[llvm] [VPlan] Fold safe divisors into VP intrinsics with EVL (PR #148828)

Wed Jul 16 10:03:37 PDT 2025

================
@@ -2176,6 +2176,52 @@ static VPRecipeBase *optimizeMaskToEVL(VPValue *HeaderMask,
       .Default([&](VPRecipeBase *R) { return nullptr; });
 }
 
+/// Try to optimize safe divisors away by converting their users to VP
+/// intrinsics:
+///
+/// udiv x, (vp.merge allones, y, 1, evl) -> vp.udiv x, y, allones, evl
+///
+/// Note the lanes past EVL will be changed from x to poison. This only works
+/// for the EVL-based IV and not any arbitrary EVL, because we know nothing
+/// will read the lanes past the EVL-based IV.
----------------
lukel97 wrote:

The users of the op aren't predicated in the sense that they're not converted to VPWidenIntrinsic VP intrinsic recipes, nor are they predicated in terms of `LoopVectorizationCostModel::isPredicatedInst`. 

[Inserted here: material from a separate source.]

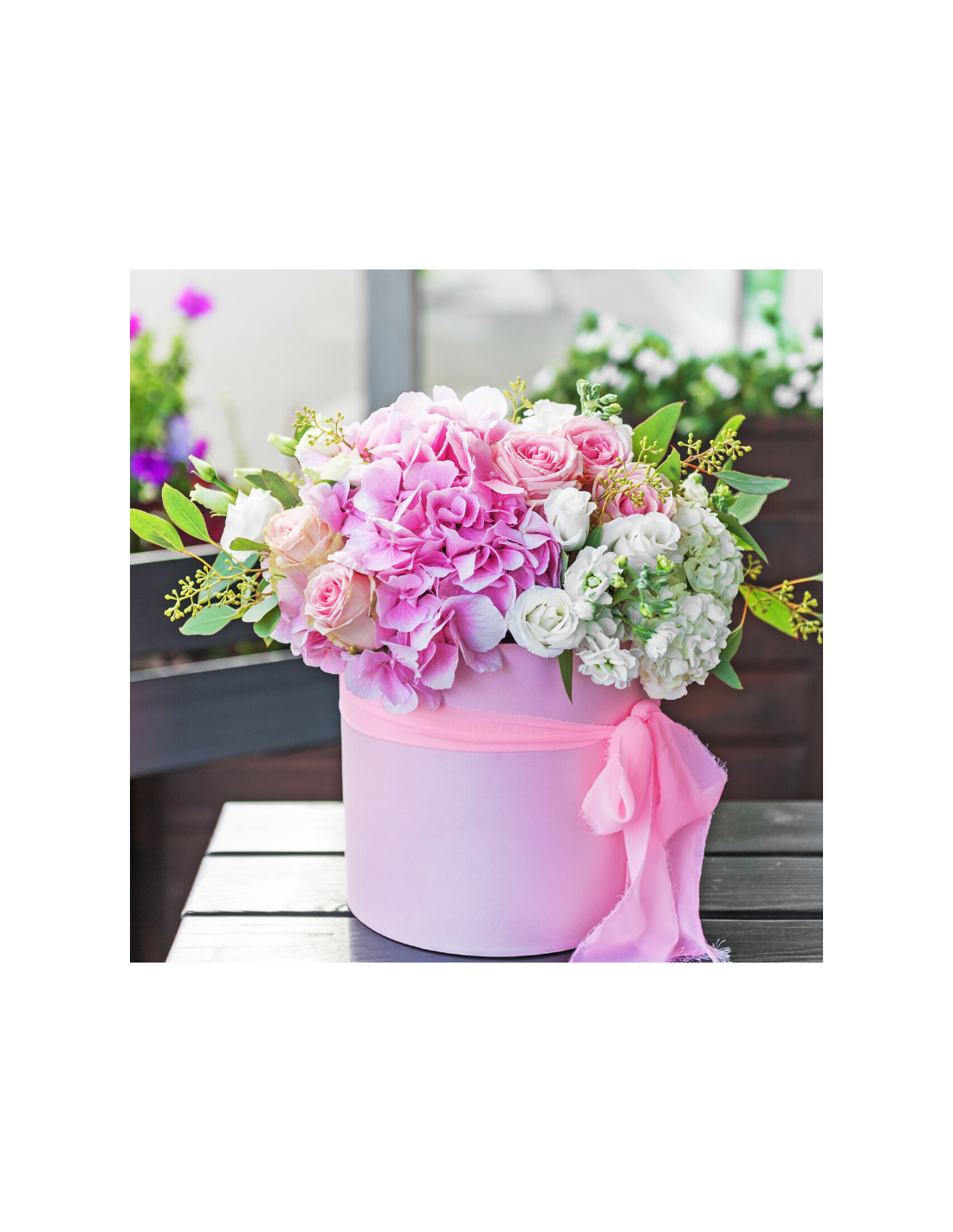 Una flowerbox sui toni rosati con ortensie, rose e roselline.

I guess the point this comment is trying to clarify is that there's an invariant in tail folding that for any recipe, none of the inactive lanes/lanes past EVL will be used, which is what this transform relies on to be correct.

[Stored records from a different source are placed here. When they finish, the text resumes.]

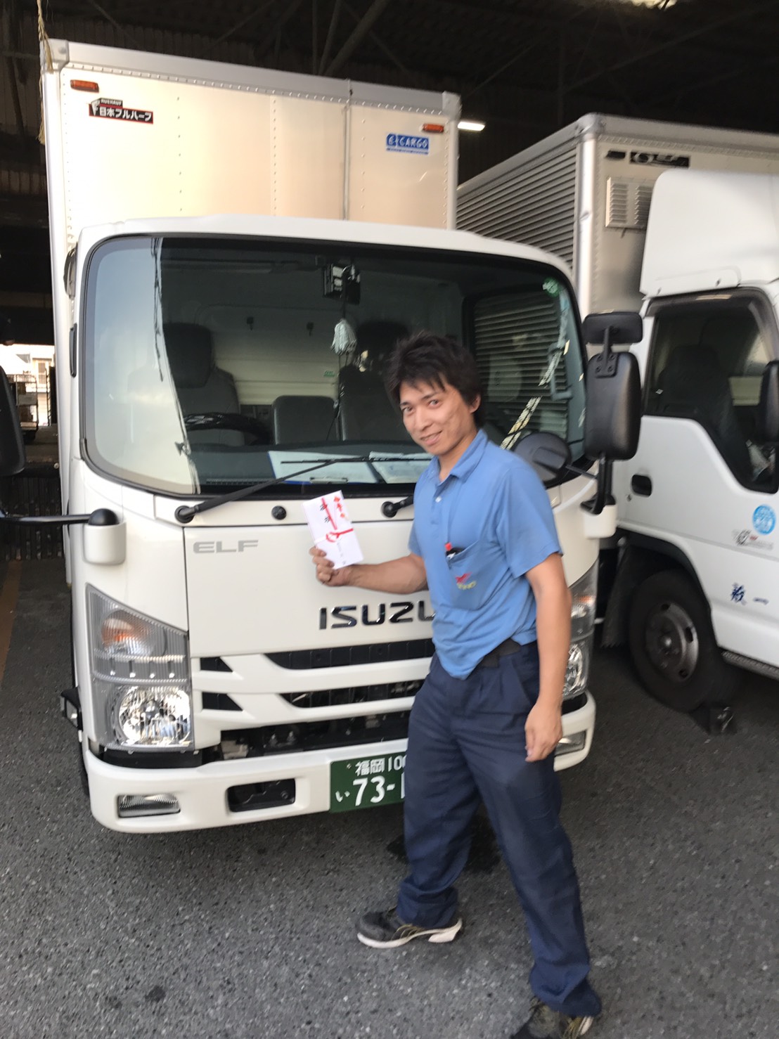 福岡県トラック協会の総会で、安全運転表彰を受ける予定でしたが、どうしても業務上の都合で出席が叶わなかった、古川誠司さんに表彰状と記念品を授与させていただきま... -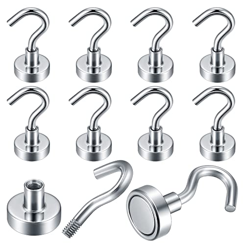 XUIIOSOOKP 10 st. magnetkrokar extra starka, neodymmagnet, starka superstarka magneter med krokar, magnetisk hållare krok för tak, badrum, kök, handduk, garage, kylskåp, silver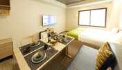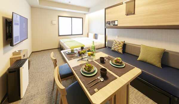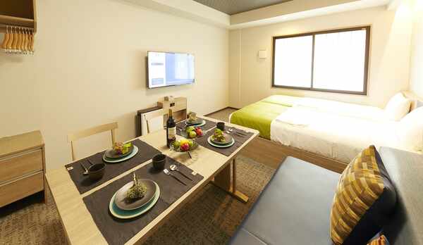 東京メトロ日比谷線入谷駅より徒歩約6分のアパートメントタイプのホテル。客室には、IHキッチンを設置し、電子レンジや調理器具も完備しています。キングベッドを配したスタンダードキングルームや、畳の小上がりを設えたジャパニーズルームなどを用意。全室約30㎡以上のゆとりのある広さとなっており、自宅のようにくつろぎの時間を過ごすことができます。長期滞在にも便利な大型冷蔵庫や掃除機、乾燥機付き洗濯機を設置しています。朝食は、日替わりの洋食プレートか和洋食プレートなどをいただくことができます。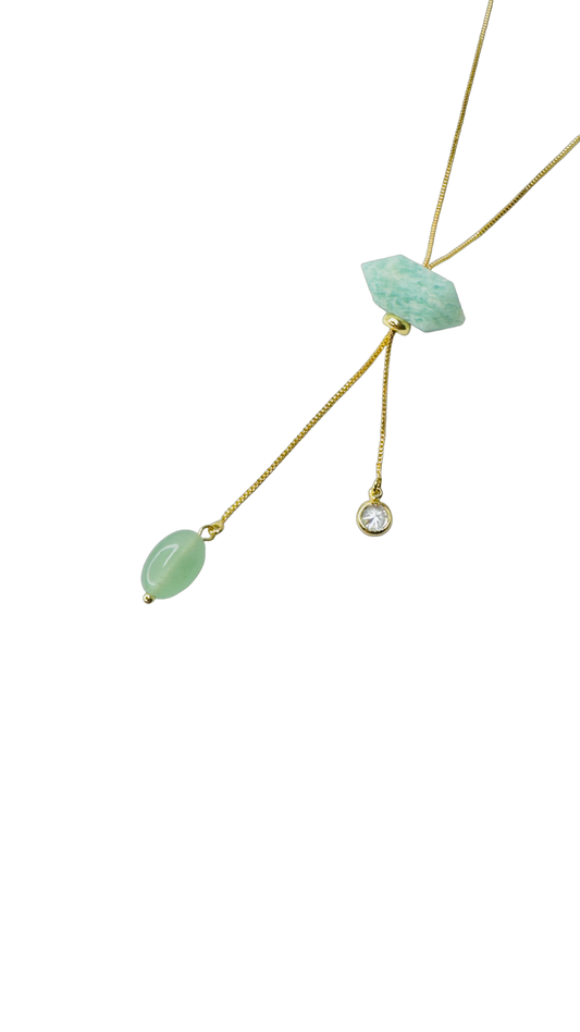 Gold Plated Tie Double Ended Necklace with Amazonita (Amazonite), Quartzo Verde (Green Quartz), and Zirconia Point of Light

I think this is similar to how we can't use regular ExtractLastElement with tail folding, and we need https://github.com/llvm/llvm-project/pull/149042 to make sure we only access the last active lane.

The EVL-based IV bit stems from the fact that we can't fold for e.g. `udiv x, (vp.merge allones, y, 1, foo) -> vp.udiv x, y, allones, foo` because we don't know that the lanes past foo won't be read. But we can guarantee that for foo=EVL-based IV.


https://github.com/llvm/llvm-project/pull/148828